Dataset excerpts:
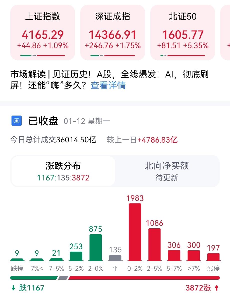 今天两市放量大涨成交额突破3.6万亿元,刷新此前在2024年10月8日创下的34549.33亿元的成交额历史纪录。市场赚钱效果显现,周末的好消息带动下一路高歌猛进,广告营销,软件开,it服务,传媒电商,国防军工等板块大涨,目前大盘资金持续流入,外资继续跟进,未来有望持续大涨,就算有短期的调整也很难改变持续上涨的趋势!
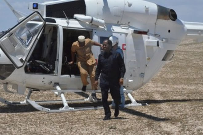 An aircraft carrying the president and several ministers landed safely in Barawe despite a mortar barrage launched by suspected militants. An al-Shabab spokesman said the president had "narrowly escaped."
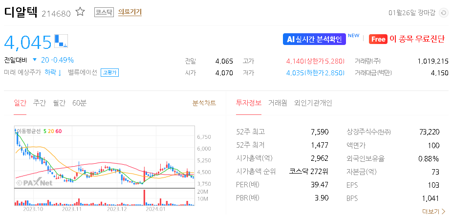 이 글에서는 디알텍 주가 전망과 목표 주가, 기업 정보에 대해서 설명합니다. 주식 투자의 중심은 미래의 기업 가치를 예측하고 선제적으로 움직이는 것입니다. 투자할 종목을 고르기 전에 현재 기업 상태와 지표를 살펴야 합니다. 디알텍 주식의 주요 현황과 투자 정보를 확인하시고 주식 투자에 도움을 줄 자료들을 모아 두었으니 투자 결정에 도움을 받으시길 바랍니다.
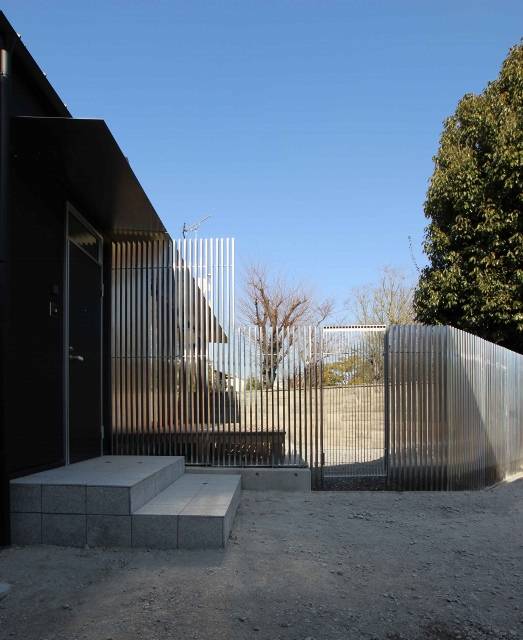 敷地の東側は大きな公園で、陽当り・風通し・眺望が期待できる、とても良い立地です。 東側の敷地境界線に対して平面的に建物を45度傾け、残った空間をスチールの目隠し格子で囲って中庭を作りました。
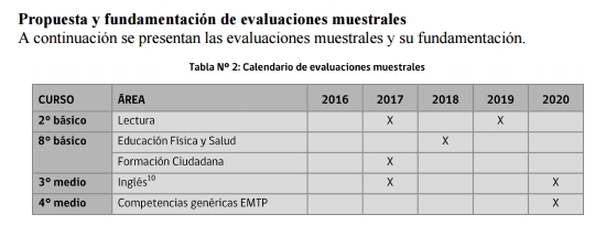 Agencia de Calidad de la Educación de Chile (2015). Propuesta Sistema Nacional de Evaluación de la Calidad de la Educación Escolar. Planes de Evaluación de Aprendizajes, 2016-2020. Santiago: Autor.
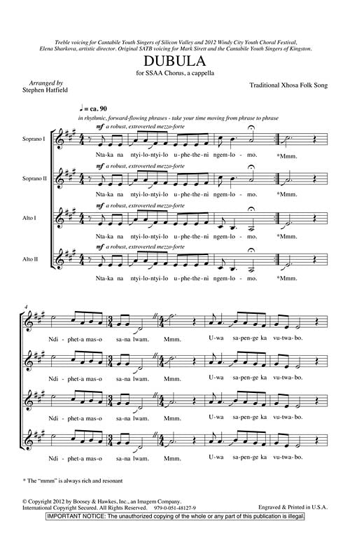 Now available for SSAA voices, this South African folk song of the Xhosa people is boisterous, open-throated and joyful. Duration: 3:30.
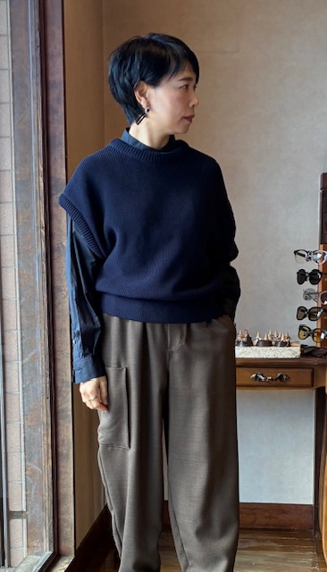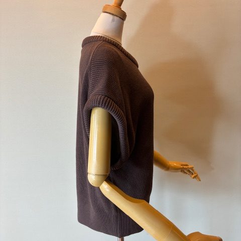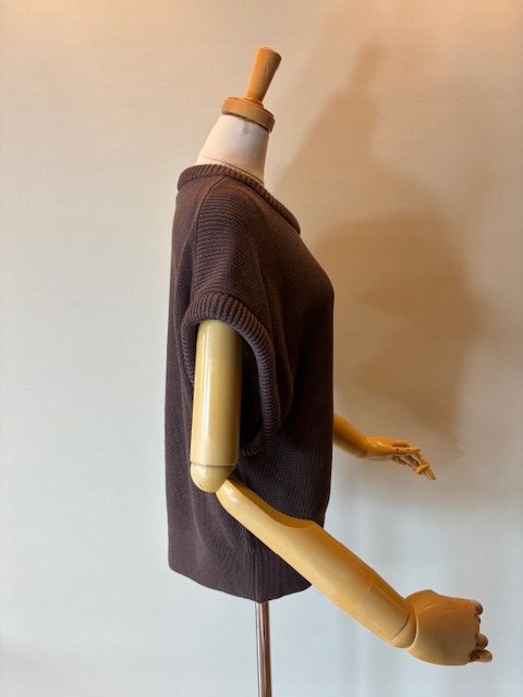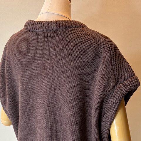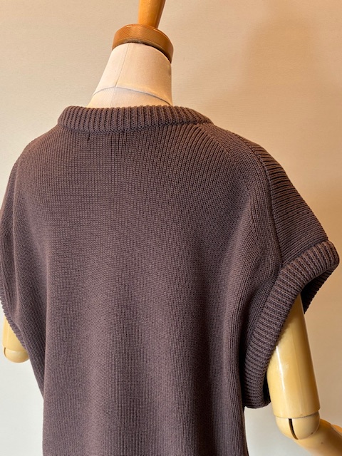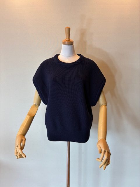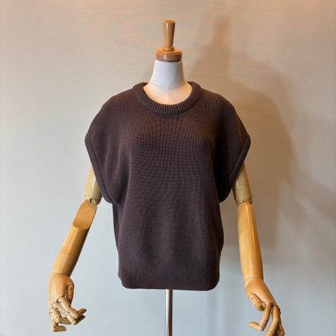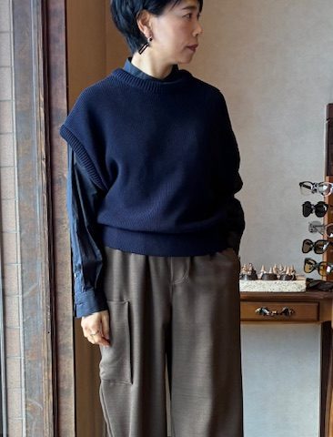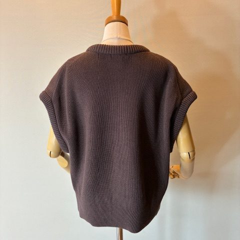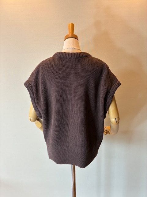 コットン糸に強撚加工を施し、きれいに目の立ったミドルゲージ畦に編みたてたニットシリーズ。ゆったりとしたシルエットと丸みのあるスリーブでリラックス感のある一着。ベスト感覚でカットソーやシャツなどとのレイヤードもおすすめで、幅広いコーディネートに活躍します。 コットン100%

What to do: Retype the data in full. Images do not go in the copy.

Finished exercise:
 今天两市放量大涨成交额突破3.6万亿元,刷新此前在2024年10月8日创下的34549.33亿元的成交额历史纪录。市场赚钱效果显现,周末的好消息带动下一路高歌猛进,广告营销,软件开,it服务,传媒电商,国防军工等板块大涨,目前大盘资金持续流入,外资继续跟进,未来有望持续大涨,就算有短期的调整也很难改变持续上涨的趋势!
 An aircraft carrying the president and several ministers landed safely in Barawe despite a mortar barrage launched by suspected militants. An al-Shabab spokesman said the president had "narrowly escaped."
 이 글에서는 디알텍 주가 전망과 목표 주가, 기업 정보에 대해서 설명합니다. 주식 투자의 중심은 미래의 기업 가치를 예측하고 선제적으로 움직이는 것입니다. 투자할 종목을 고르기 전에 현재 기업 상태와 지표를 살펴야 합니다. 디알텍 주식의 주요 현황과 투자 정보를 확인하시고 주식 투자에 도움을 줄 자료들을 모아 두었으니 투자 결정에 도움을 받으시길 바랍니다.
 敷地の東側は大きな公園で、陽当り・風通し・眺望が期待できる、とても良い立地です。 東側の敷地境界線に対して平面的に建物を45度傾け、残った空間をスチールの目隠し格子で囲って中庭を作りました。
 Agencia de Calidad de la Educación de Chile (2015). Propuesta Sistema Nacional de Evaluación de la Calidad de la Educación Escolar. Planes de Evaluación de Aprendizajes, 2016-2020. Santiago: Autor.
 Now available for SSAA voices, this South African folk song of the Xhosa people is boisterous, open-throated and joyful. Duration: 3:30.
 コットン糸に強撚加工を施し、きれいに目の立ったミドルゲージ畦に編みたてたニットシリーズ。ゆったりとしたシルエットと丸みのあるスリーブでリラックス感のある一着。ベスト感覚でカットソーやシャツなどとのレイヤードもおすすめで、幅広いコーディネートに活躍します。 コットン100%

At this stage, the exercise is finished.